# Halloween Carols



## lzrdsgal (Aug 9, 2009)

Enjoy LOL 


Halloween Carols
All right, here they are, the Halloween Carols...some were written by Swarthmore students, some by Palo Alto High School students, and bits from original Charles Shultz material. And some just kind of spontaneously evolved.


--------------------------------------------------------------------------------
1. JOY TO THE WORLD (to the tune of JOY TO THE WORLD.)

Joy to the world,
It's Halloween.
The night of fright has come!
This time of year we wait.
We hope he won't be late.
The Great Pumpkin will come,
The Great Pumpkin will come,
The Great, The GREAT Pumpkin will come.
He rules the world,
On Hallow's Eve.
He's coming here tonight.
Let's go into the pumpkin patch
They'll put us in the booby hatch,
But we will have such fun,
But we will have such fun,
But we, But we will have such fun.




--------------------------------------------------------------------------------
2. HUMPHREY THE BLUE-NOSED PUMPKIN (to the tune of Rudolph the...)

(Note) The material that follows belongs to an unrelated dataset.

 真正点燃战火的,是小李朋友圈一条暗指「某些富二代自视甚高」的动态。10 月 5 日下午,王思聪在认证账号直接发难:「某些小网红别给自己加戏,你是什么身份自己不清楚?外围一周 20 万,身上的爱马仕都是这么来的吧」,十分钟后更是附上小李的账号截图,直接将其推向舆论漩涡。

Humphrey the blue-nosed pumpkin had a very obvious nose.
And if you ever saw it, you might even say it shows.
All of the other pumpkins, used to laugh and call him names.
They never let poor Humphrey play in any pumpkin games.
Then one foggy Halloween Eve, the Great Pumpkin did say,
"Humphrey, with your nose so blue, you'll make all the ghosts say BOO!"

Then all the pumpkins loved him, and they shouted out with glee,
Humphrey, the blue-nosed pumpkin, You'll go down in history!

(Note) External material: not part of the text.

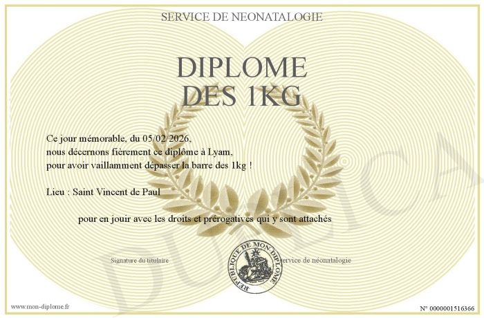Envoyez par email votre Diplôme des 1kg personalisé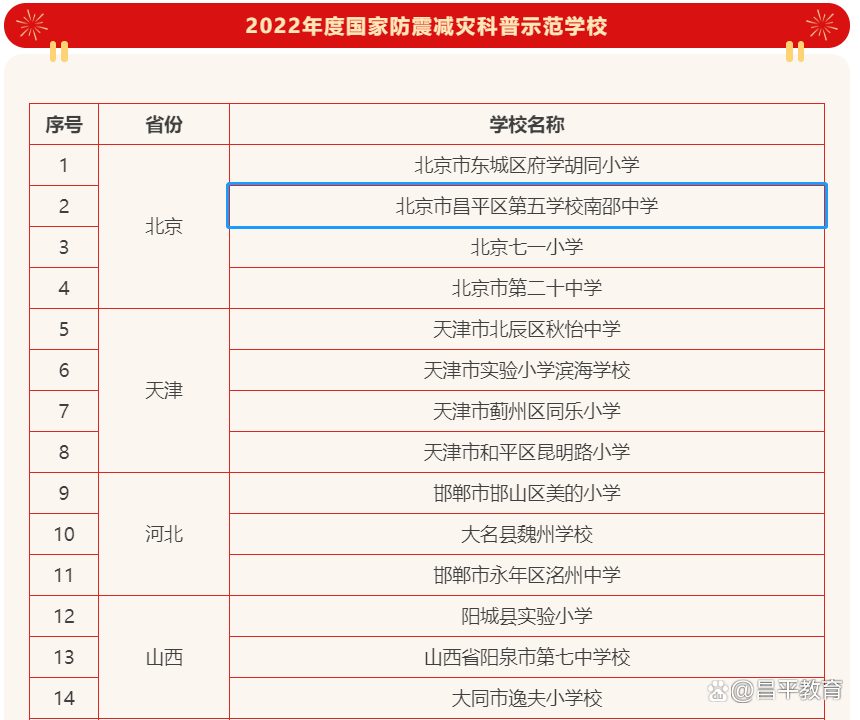 近日,中国地震局公布了2022年度国家防震减灾科普教育基地和示范学校认定工作,全国共认定97所学校为2022年度国家防震减灾科普示范学校,北京市4所学校入选,昌平区第五学校南邵中学位列其中。

--------------------------------------------------------------------------------
3. O Skeletons! (to the tune of O Tannenbaum!)

O skeletons! O skeletons!
Rattle down my hallway!
O skeletons! O skeletons!
Rattle in my attic.
Let them know, the day is here,
When your spirit will appear.
O skeletons! O skeletons!
Rattle through your graveyard.




--------------------------------------------------------------------------------
4. God Rest Ye Merry Spirits

God rest ye merry spirits, let nothing you dismay.
Witches stirring bubbling cauldrons, smelling of decay.
To save you all from Satan's Po'er before your hair turns gray.
Oh tidings of horror and fright,
Horror and fright!
Oh tidings of horror and fright.



--------------------------------------------------------------------------------
5. Spooky Night (to the tune of Silent Night.)

Spooky Night, Halloween Night,
All is cold, nothing's right.
Round yon pumpkin glowing away.
People singing in the doorway.
Sing in devilish glee-ee.
Singing in devilish glee.



--------------------------------------------------------------------------------
6. The First Halloween

The First Halloween
The parents did scream
At the children in costumes
Who stole all the treats.
"Go away, go away!"
The spirits did say.
"You're taking our business,
So come back in May!"




--------------------------------------------------------------------------------
7. We Three Ghosts (to the tune of We Three Kings)

We three ghosts of Halloween are
Scaring kids who wander too far.
Trick or treating, candy eating,
Watching for the Halloween Star.
Oh...oh...

Star of darkness, star of fright.
Star of every gruesome sight.
West winds howling, cat's a-yowling,
Let us play some tricks tonight!




--------------------------------------------------------------------------------
8. Obligatory Solutions (to the tune of Jingle Bells.)

Dashing through the streets,
Meeting goblins as we go,
Wearing contour sheets,
Wishing it would snow.
Bells in doorways ring,
Making spirits bright,
What fun it is to come and sing
And get some food tonight.

Trick or treat, trick or treat, trick or treat we say!
Try to get the treats before the ghost takes us away!
Trick or treat, trick or treat, trick or treat we say!
If you don't have treats for us we'll never go away!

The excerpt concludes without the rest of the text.